Снегири испуганно взлетели с веток, когда Северга с рыком вцепилась в рябиновый ствол здоровой рукой. На гладкой коре остались полоски царапин от когтей.
– Ненавижу... Ненавижу... Умри... Сдохни, дрянь! – рокотал её рёв, отдаваясь эхом в зимнем лесу.
Проклятая игла, проклятые пальцы вышивальщицы. Если бы не они, сжала бы Северга сейчас меч, размахнулась и снесла бы голову княгине в белой шубе, чтобы эти тёплые карие глаза не мучили её, не выпивали душу, не терзали жаждой, как обезболивающий отвар. Трепетная, умирающая нежность сменилась ненавистью, ярость хлестнула меж лопаток бичом, и Северга, словно пришпоренная тысячей раскалённых игл, поднялась на ноги, держась за рябину. Птицы разлетелись от её звериного рыка, а видение Жданы растаяло, спугнутое оскалом стиснутых зубов. С той же исступлённой силой, с которой Северга мечтала о поцелуе, она теперь жаждала убить княгиню – виновницу своей скорой гибели.

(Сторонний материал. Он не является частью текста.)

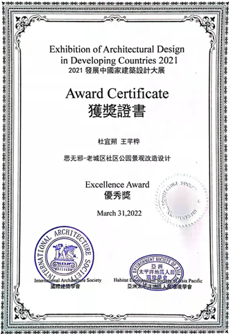 近日,“2021发展中国家建筑设计大展暨2021国际学生设计竞赛”落下帷幕。经过多层评审,由英国365集团公司郑志颖老师指导的风景园林专业2018级学生杜宜朔、王芊桦的作品《“思无邪”——老城区社区公园景观改造设计》,荣获园林景观类优秀奖。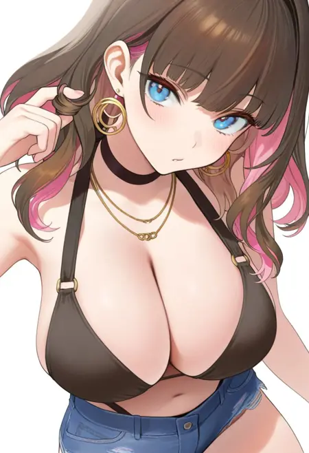 1girl, miwabelle, blue eyes, brown hair, colored inner hair, pink hair, gold earrings,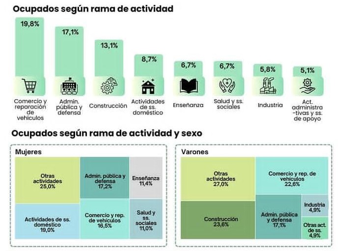 El sector de servicio doméstico ha sido la principal fuente de empleo para mujeres, mientras que los hombres presentan una mayor presencia en áreas como la construcción y el comercio de vehículos.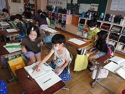 1年生は、文章の中の言葉から周りの様子やあおむしたちの行動を読み取っていきます。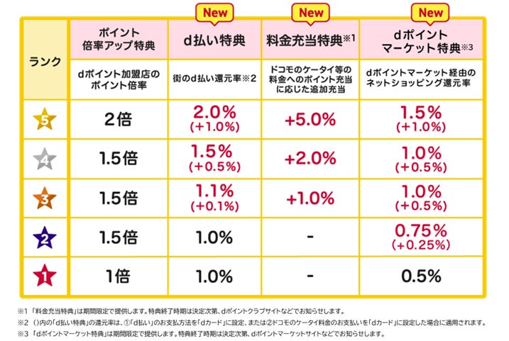 ※ 2024年5月15日「ドコモのポイントプログラム『dポイントクラブ』を改定」で発表した改定内容に「dポイントマーケット利用特典」を追加したものです。

Выжить и отомстить так, как только она, Северга, умела.
Соскальзывая по холодному стволу, женщина-оборотень во всех жестоких подробностях представляла себе свою месть. Она мысленно насиловала, рвала зубами плоть, хлестала кнутом, сдирала заживо кожу и в довершение всего насадила ещё живое тело на копьё, вкопанное в землю.
– Ты как сюда добралась?! А ну-ка, домой!
Голубовато-серые, широко распахнутые глаза с длинными рыжевато-каштановыми ресницами, чуть вздёрнутый носик, покрытый золотистой россыпью веснушек, свежий яркий рот и разрумяненные морозцем щёчки – совсем как грудки этих снегирей... Закутанная в тёплый платок девушка поставила корзину с выполосканным бельём и кинулась, чтобы подхватить оседающую в снег Севергу. Жалость в её глазах полоснула женщину-оборотня по сердцу, едко и остро напомнив о приближающейся смерти, и она из оставшихся сил отпихнула девушку от себя. От грубого толчка в грудь та не устояла на ногах и упала.
– Что, жалеешь меня? – на волне ещё не успевшей остыть ненависти прорычала Северга. – Рано! Рано меня жалеть... Я ещё вас всех переживу!
Силы утекли в стылую землю, и она завалилась на бок, а девушка, встав и деловито отряхнувшись, отломила прутик и принялась нахлёстывать им Севергу по заду – не злобная, но мило рассерженная.
– Вот тебе, вот! – пыхтела она. – Я ж тебе помочь хочу, а ты пихаешься, злюка! На-ка, получи! Будешь в следующий раз думать, прежде чем в лес убегать... Как я тебя назад-то потащу?!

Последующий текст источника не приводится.